American philosopher and historian

Alan Perreiah (born 11 April 1937) is an American philosopher and historian of philosophy, with a special interest in the development of logic in Western Europe from the fifth to the fifteenth centuries. He is known for his research on the 15th-century Italian philosopher Paul of Venice. He is Professor Emeritus of Philosophy at the University of Kentucky.

==Early life and education==
Perreiah was born in Los Angeles, California. He received an MA in philosophy from Marquette University in 1961. He received his PhD from Indiana University in 1967. His dissertation was titled Is There a Doctrine of Supposition in the Logica Magna?

==Career==
Perreiah was a professor in the Department of Philosophy at the University of Kentucky, where he later served as Director of Undergraduate Studies. He is Professor Emeritus of Philosophy at the university.

During his academic career, Perreiah held several research fellowships. He was a member of the School of Historical Studies at the Institute for Advanced Study in Princeton from September 1973 to May 1974. From 1980 to 1981, he was an NEH Fellow at Villa I Tatti, the Harvard University Center for Italian Renaissance Studies in Florence, Italy. His project there concerned the life and writings of the Italian philosopher Paul of Venice. In 1994, he was a Mellon Fellow at the Vatican Film Library, where he conducted research on Paolo Veneto's Logica parva.

==Scholarship==
Perreiah's research has focused on the development of logic in Western Europe from the fifth to the fifteenth centuries. He has emphasized logical form, truth theory, and holism in the interpretation of medieval logic, and has examined the transition between late Scholasticism and early Humanism. He has published extensively on Paul of Venice and medieval logic and semantics.

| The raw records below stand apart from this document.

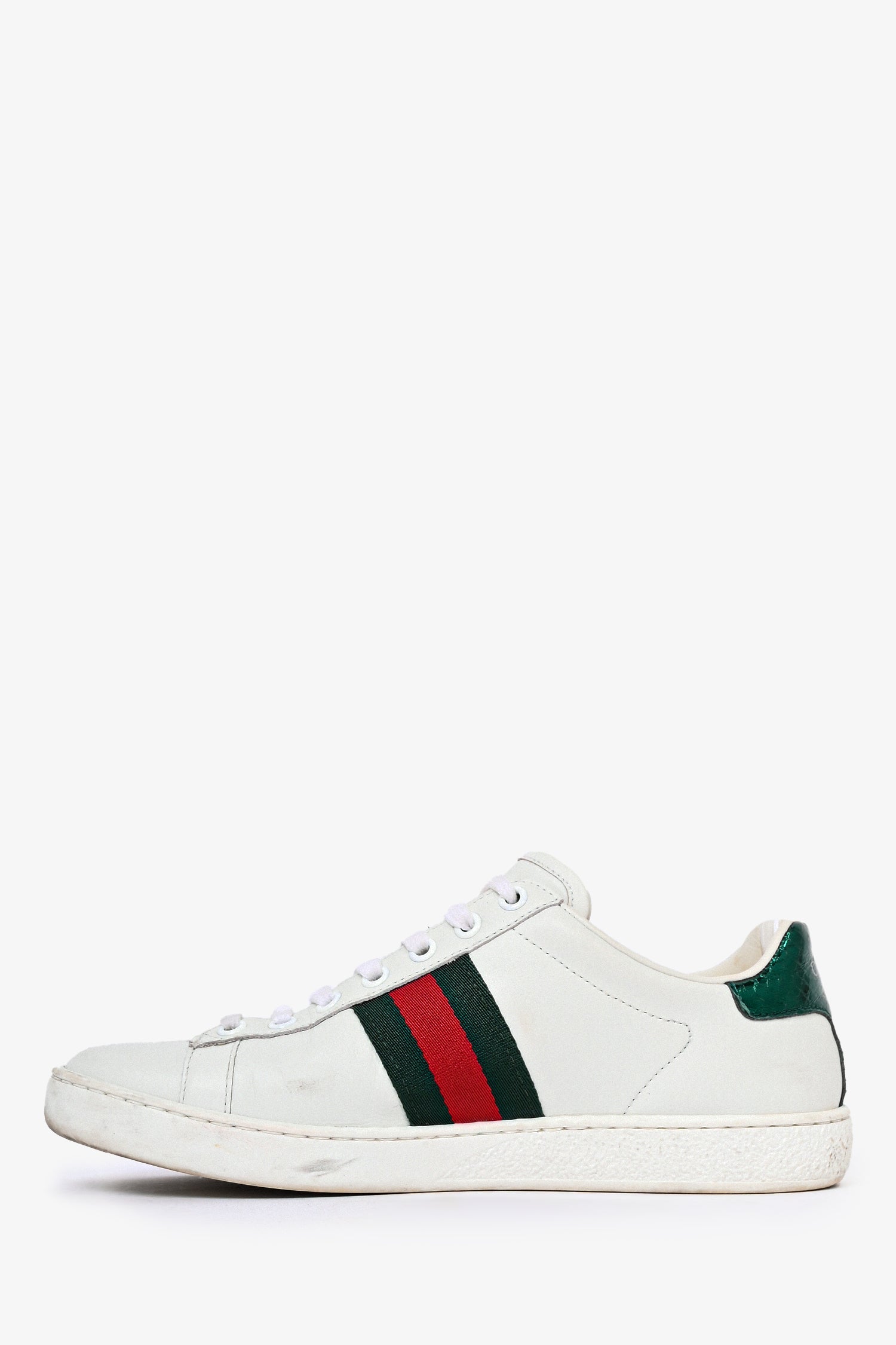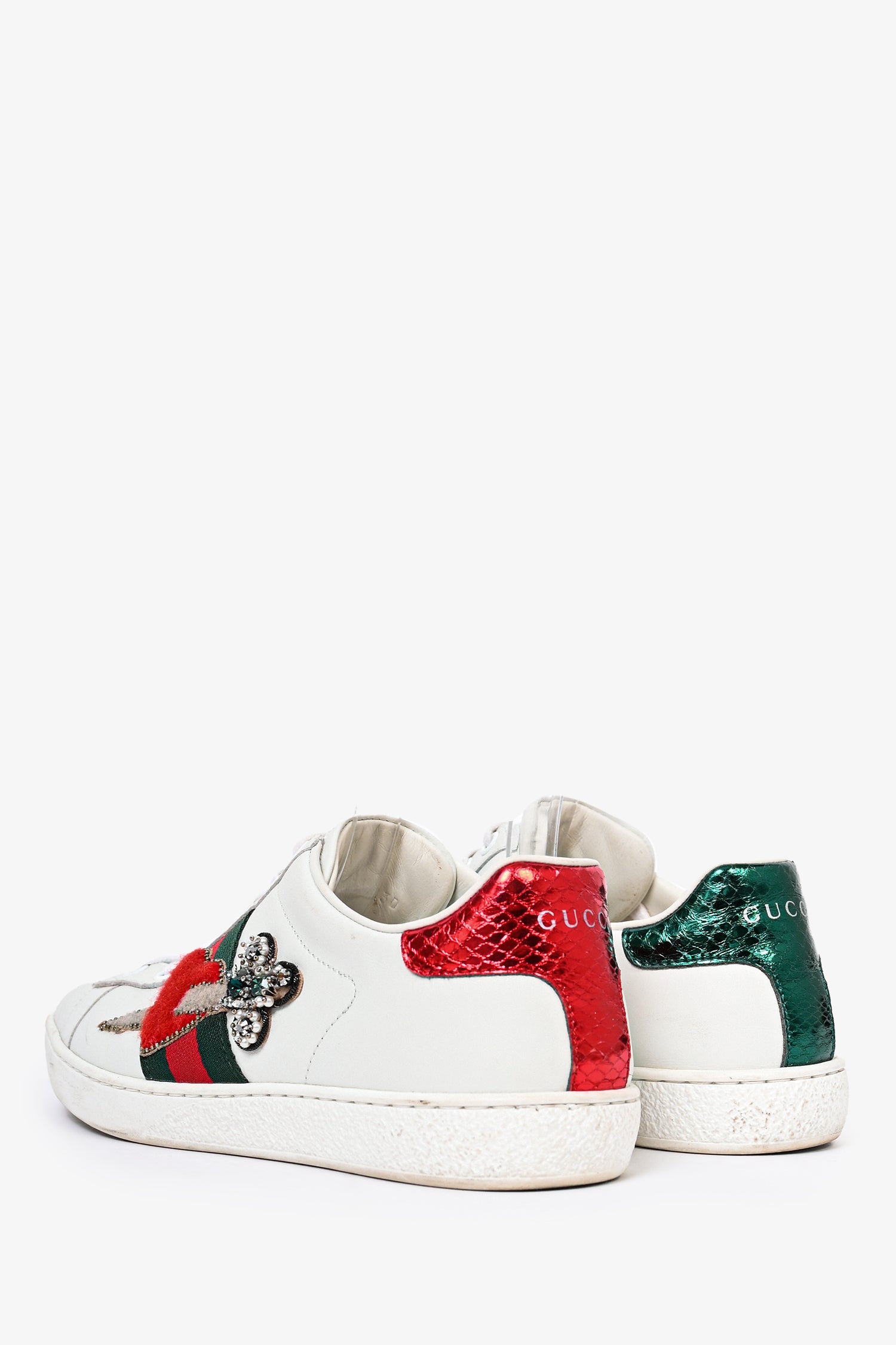 Gucci White/Green Embellished 'Ace' Sneakers Size 37
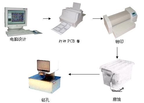 系統(tǒng)配置:計(jì)算機(jī)、激光打印機(jī)、轉(zhuǎn)印機(jī)、腐蝕桶、高速視頻鉆、轉(zhuǎn)印紙、合金鉆頭
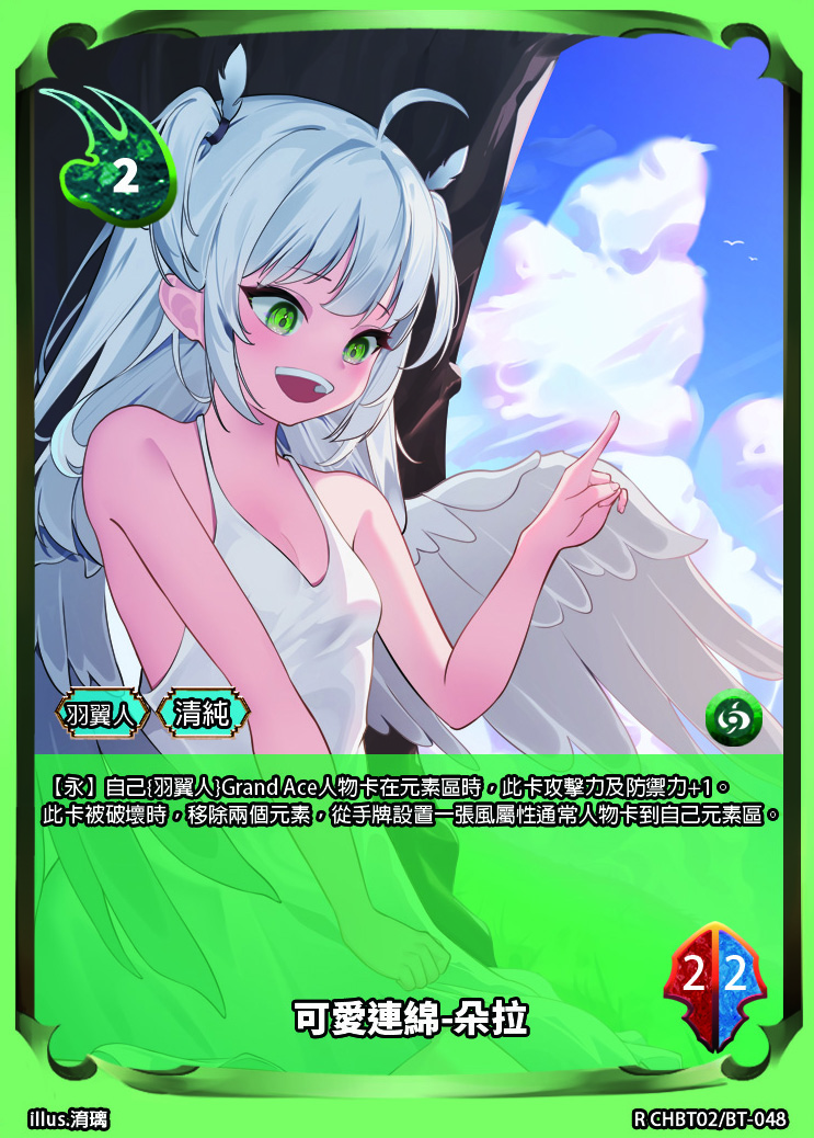 【永】自己{羽翼人}Grand Ace人物卡在元素區時,此卡攻擊力及防禦力+1。

Perreiah's scholarship on Paul of Venice dates to at least 1967, when he published “A Biographical Introduction to Paul of Venice” in Augustiniana and completed his doctoral dissertation on the philosopher's Logica Magna. He later published Paul of Venice: A Bibliographical Guide (1986), which included a census of manuscripts, and edited Paulus Venetus: Logica Parva (2002), the first critical edition from the manuscripts with introduction and commentary.

==Personal life==
Perreiah was married to the artist Grace Perreiah from 1958 until her death in 2026.

==Books==

- Paul of Venice: Logica Magna, "Treatise on Suppositions," an edition, translation and introduction to the Tractatus de suppositionibus. New York: Franciscan Institute Publications, 1971.
- Paulus Venetus: Logica Parva, an English translation of the 1472 Edition with introductory essays and notes. Munich: Philosophia Verlag and the Catholic University of America Press, 1984.
- Paul of Venice: A Bibliographical Guide, including a census of the manuscripts. Bowling Green, Ohio: Philosophy Documentation Center, 1986.
- Paulus Venetus Logica Parva: First Critical Edition from the Manuscripts with Introduction and Commentary. Leiden; Boston: Brill, 2002.
- Renaissance Truths: Humanism, Scholasticism and the Search for the Perfect Language. Farnham: Ashgate, 2014.